Антигон небрежно швырнул поводья одному из них.
— Я Антигон. Ваш господин с нетерпением жнет меня.
Страж пронзительно свистнул, и створки ворот начали медленно расходиться.
Вдыхая дурманящий запах, Антигон прошел через сад, вспугнув двух мирно жевавших траву газелей, и оказался перед огромным трехэтажным зданием с тремя ступенчатыми террасами.
Обитая железом дверь распахнулась, открыв широкий, как пасть неведомого чудовища, темный проход. В длинном, выложенном кирпичом коридоре из отведенных для стражи помещений слышались грубые голоса и лязг оружия.
— Ганнон, похоже, чувствует опасность, — как бы вскользь заметил Антигон.
Шедший сзади страж лишь что-то мрачно буркнул в ответ. Через окруженный галереей внутренний двор, пропахший навозом и лошадиным потом, они прошли в довольно большой зал.
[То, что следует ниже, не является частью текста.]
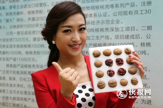 當(dāng)天,在商洛核桃展銷推介會上,快報網(wǎng)記者偶遇一身穿紅裙的女子,被諸多參展商邀請前去拍照。后經(jīng)了解,原來這位美女名叫謝菲,是商洛電視臺的主持人;她也是專程來西安參與商洛核桃展銷推介會主持工作的。在展會現(xiàn)場,謝菲儼然成了一道靚麗的風(fēng)景,大家都希望她能為商洛核桃多作推介。記者隨之跟拍,謝菲也很熱情地為家鄉(xiāng)的核桃做代言。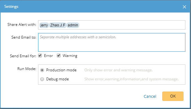 ▪Production — only show alerts only in the Output Console, including both error and warning messages. ▪Debug — show all events in the Output Console, including error, warning, information and system messages. |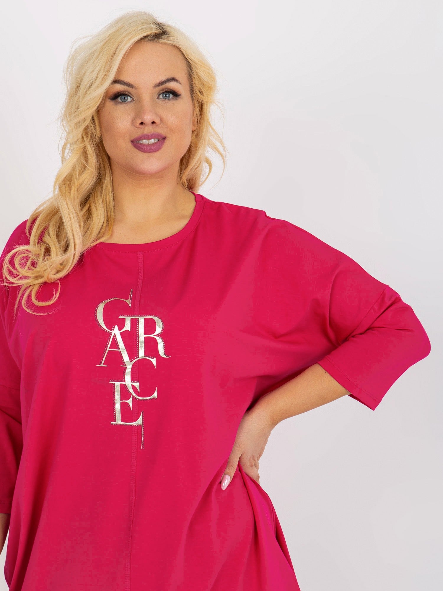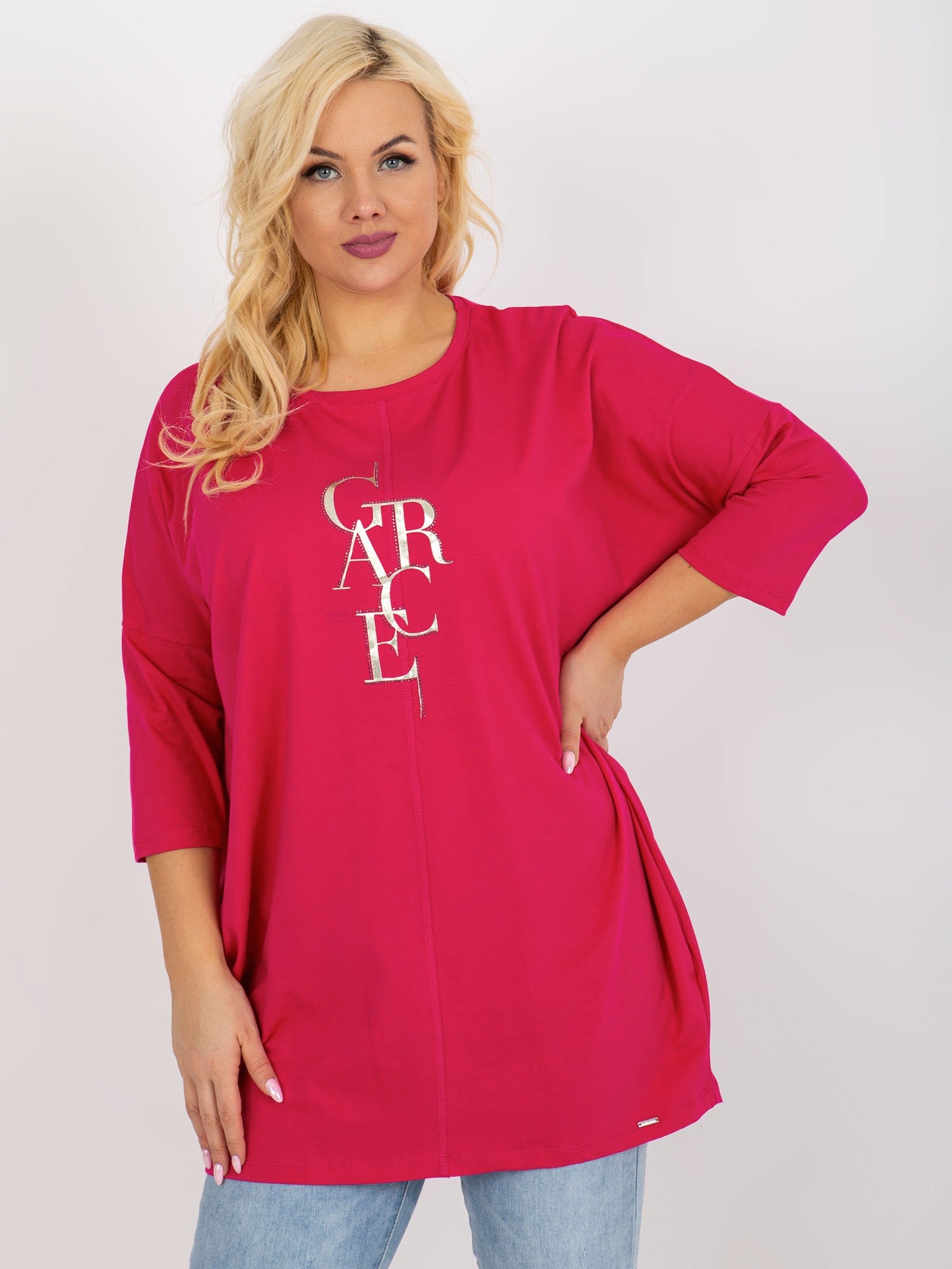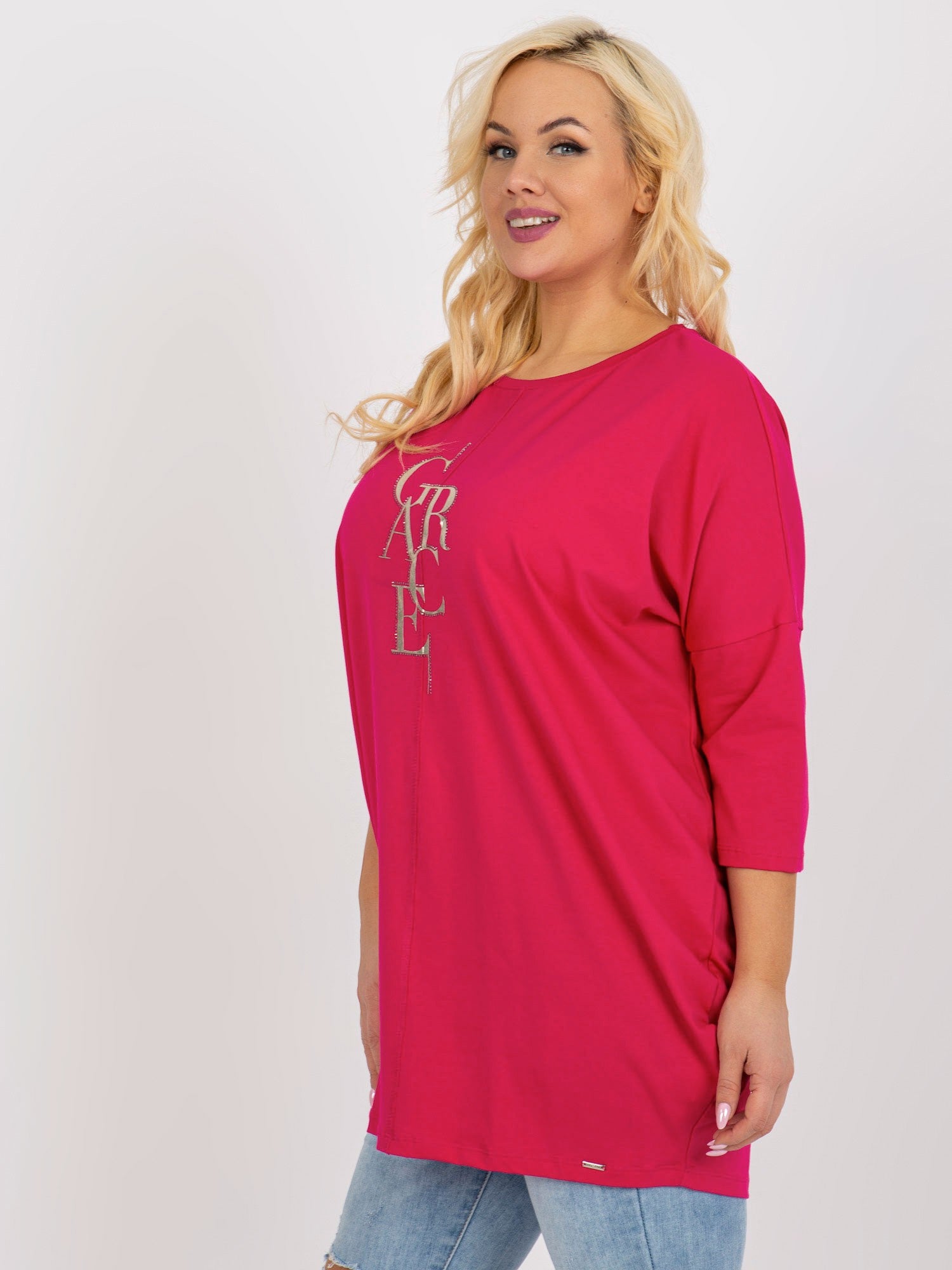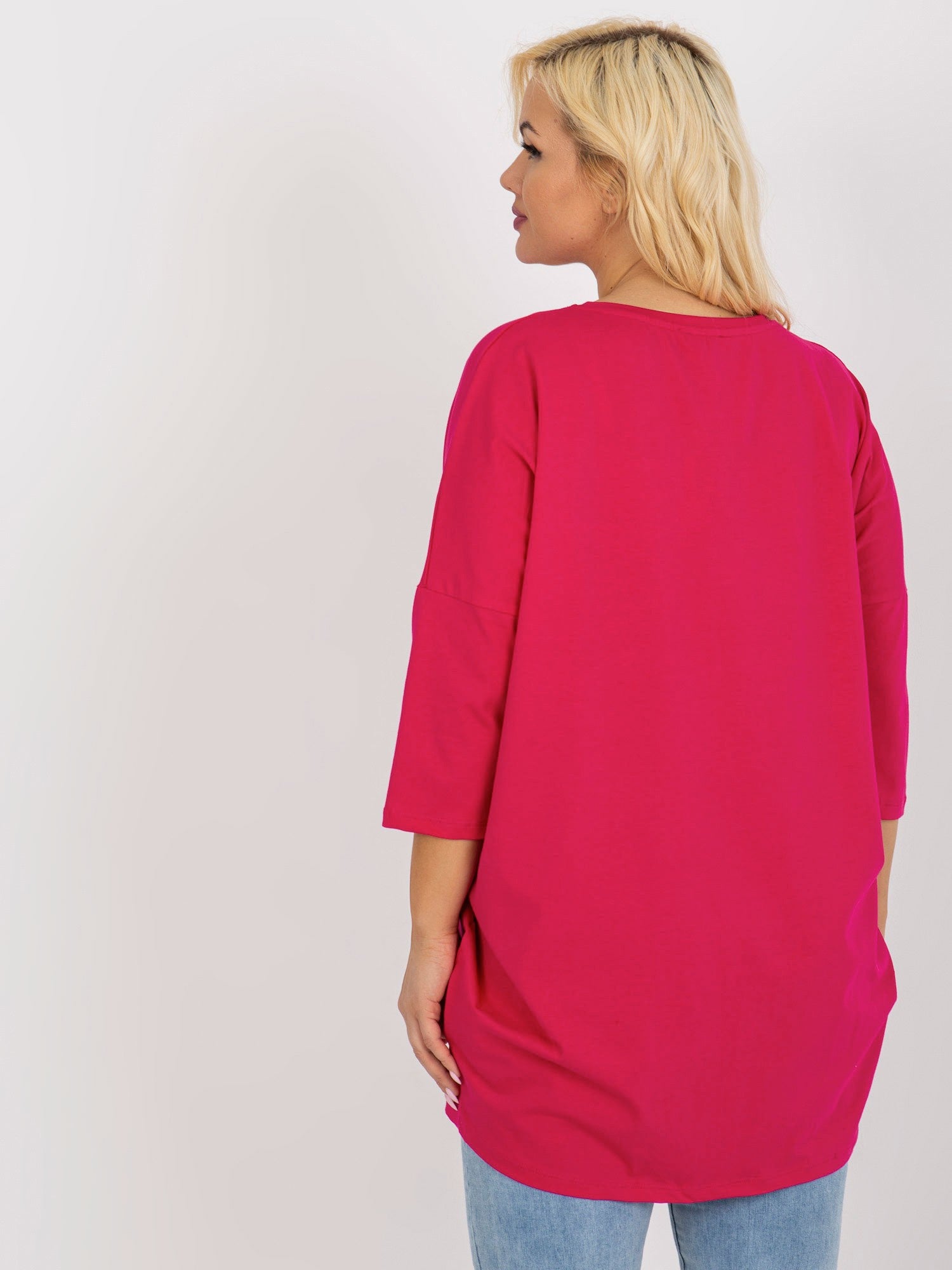 Fuksjowa dłuższa bluzka plus size z rękawem 3/4 .

Здесь вдоль стен были расположены клумбы с причудливыми цветами, из фонтанов, представлявших собой вырубленные искусной рукой из белого мрамора львиные головы, вода стекала в каменные желоба, а потолок подпирали стояки из черного дерева.
По широким ступеням из зеленого мрамора они поднялись на второй этаж. Рослый страж с выпиравшей даже из-под кожаного панциря крепкой грудью распахнул дверь из резной слоновой кости, и Антигон оказался на террасе. Пол на ней был покрыт пышными фригийскими коврами, из заправленных душистым маслом светильников лился ровный красноватый свет.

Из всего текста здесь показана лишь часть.